Moçambique: albinos cercados entre mitos e incompreensão
Em Moçambique, ser albino é sinónimo de mito e todos têm um para contar, como o de que "eles não são enterrados, porque desaparecem" ou "a grávida que encontrar um albino vai ter um bebé albino", avança a agência Lusa.
Mas o que mais dói à comunidade de albinos moçambicanos é a incompreensão "de quem era suposto saber mais", principalmente os professores, que se impacientam com as dificuldades de visão de quem a genética deu melanina a menos.
Para vincarem que são "diferentes, mas iguais", os albinos criaram a Associação Defendendo os Nossos Direitos (ADODS), que completou esta semana um ano.
Além da festa, celebrada na histórica Fortaleza de Maputo, o aniversário da ADODS foi também uma oportunidade para os albinos exorcizarem a angústia provocada pelo estigma, dando testemunhos sobre a sua própria experiência.
Ivo Nhadele, 24 anos, conta à Lusa que perdeu namoradas por não suportar os olhares desconfiados de pais das meninas, amarrados a mitos negativos sobre a condição de albino que existem na sociedade moçambicana.
"Namoradas? Familiares de namoradas, passei por situações que não eram compreensíveis, pois as pessoas não compreendem que, embora a gente tenha uma situação diferente, nós somos parte da sociedade", frisa Ivo Nhadele.
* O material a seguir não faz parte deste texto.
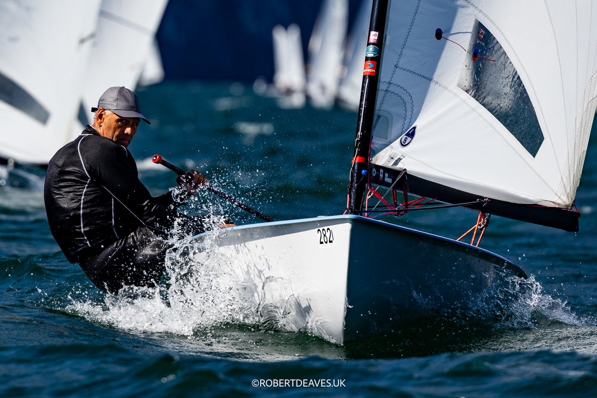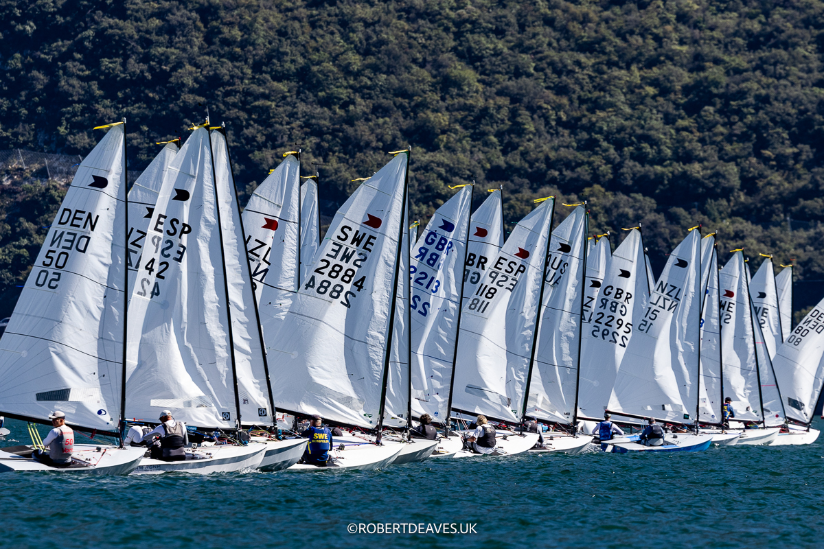 Der Nordwind steht lange durch, gefolgt von einer langen Flaute. Irgendwann kräuselt sich das Wasser aus Süden und mit reichlich Verspätung bietet die Regatta noch mal großes Drama. Natürlich braucht es noch unbedingt ein Leichtwindrennen zum Abschluss. Die Linie liegt klar links bevorteilt und wenn man hochschaut, ist in der Seemitte auch mehr Wind. Die ersten beiden Startanläufe der Goldfleet sind klare Massenfrühstarts mit Gesamtrückruf. Das ganze Feld will ganz in Lee über die Linie und ich breche schon 30 Sekunden vorher den Startanlauf ab und zieh zurück.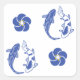 Koi Blossom Crest: Serene Blue Edition Quadratischer Aufkleber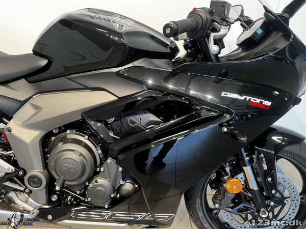 Triumph Daytona 660 2026 er en moderne sport MC med den karakteristiske trecylindrede motor, som giver en stærk og lineær kraftlevering – perfekt som brugt MC til salg hos Aalborg MC. Med 94 hk og et let, velafbalanceret chassis får du en sportsmaskine, der både er sjov på landevej og stabil ved høj fart. Modellen kombinerer klassisk Daytona-design med moderne elektronik som køreprogrammer og traction control. En oplagt mellemklasse sportbike til både nye og erfarne kørere, der ønsker performance og køreglæde i hverdagen.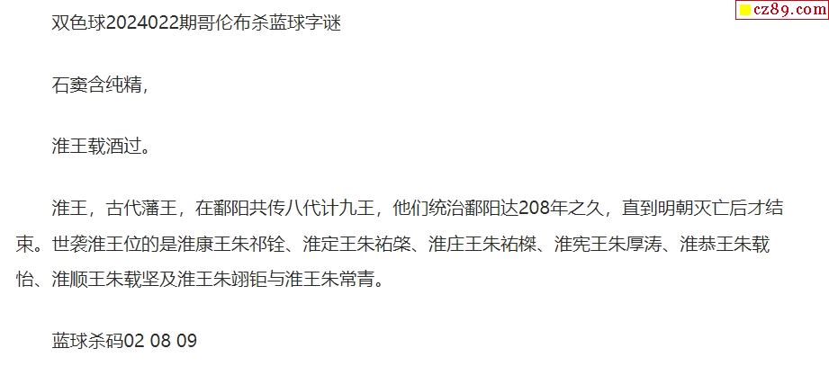 24年福彩双色球022期 哥伦布一句杀蓝球字谜

No domingo, com formação de contabilista, considera que pode ter sido prejudicado várias vezes devido à sua condição de albino, mas é da incompreensão dos professores que sente mais mágoa.
"Nós não estamos a exigir nem merecemos tanta atenção, mas a nossa condição cria-nos dificuldades de visão, não vemos com a mesma facilidade o que está escrito no quadro, e mesmo aqueles que era suposto saberem, como os professores, não nos compreendem", conta.
Argentina Luís, 21 anos, teve de fazer de Beyoncé num famoso concurso de talentos musicais de um dos canais de televisão moçambicanos, para ganhar respeito do bairro e pararem os "apelidos" depreciativos com que antes era tratada.
"Nós, os albinos, como todo o mundo sabe, sofremos muita discriminação, principalmente das crianças na rua, que nos dizem o que os adultos não têm coragem de dizer", narra Argentina Luís.
O sonho de ser uma grande cantora tem ajudado Argentina a ignorar o preconceito e a criação da ADODS deu mais força para se impor como “pessoa normal”.
Stela Banze, 26 anos, que na festa de aniversário da organização foi manequim na sala onde foi montada uma exposição fotográfica alusiva à data, para celebrar o "orgulho albino", diz que o facto de ter feito uma licenciatura em Ciências de Saúde provou-lhe que os albinos são capazes de vencer o estigma e viver normalmente.
"Não é fácil ser albino em Moçambique, porque há muita ignorância, mas o meu lema foi preferir não me achar diferente e, dentro das minhas capacidades, ser uma pessoa normal. Isso mantém-me viva", realça, lembrando que lutou durante um ano contra um cancro de pele.
O estigma também atingiu os membros mais famosos da comunidade. O músico moçambicano Ali Faque não foi tocar num certo ano à Tanzânia, porque ali os mitos levam muitas vezes à morte por curandeiros, que prometem riqueza a quem foi "tratado à base de órgãos extraídos de albino".
O reverendo Jamisse Taímo, ex-presidente da Comissão Nacional de Eleições (CNE) e antigo reitor do Instituto Superior de Relações Internacionais conta que viu grávidas desviarem o seu caminho por medo que transmitisse ao bebé o seu albinismo.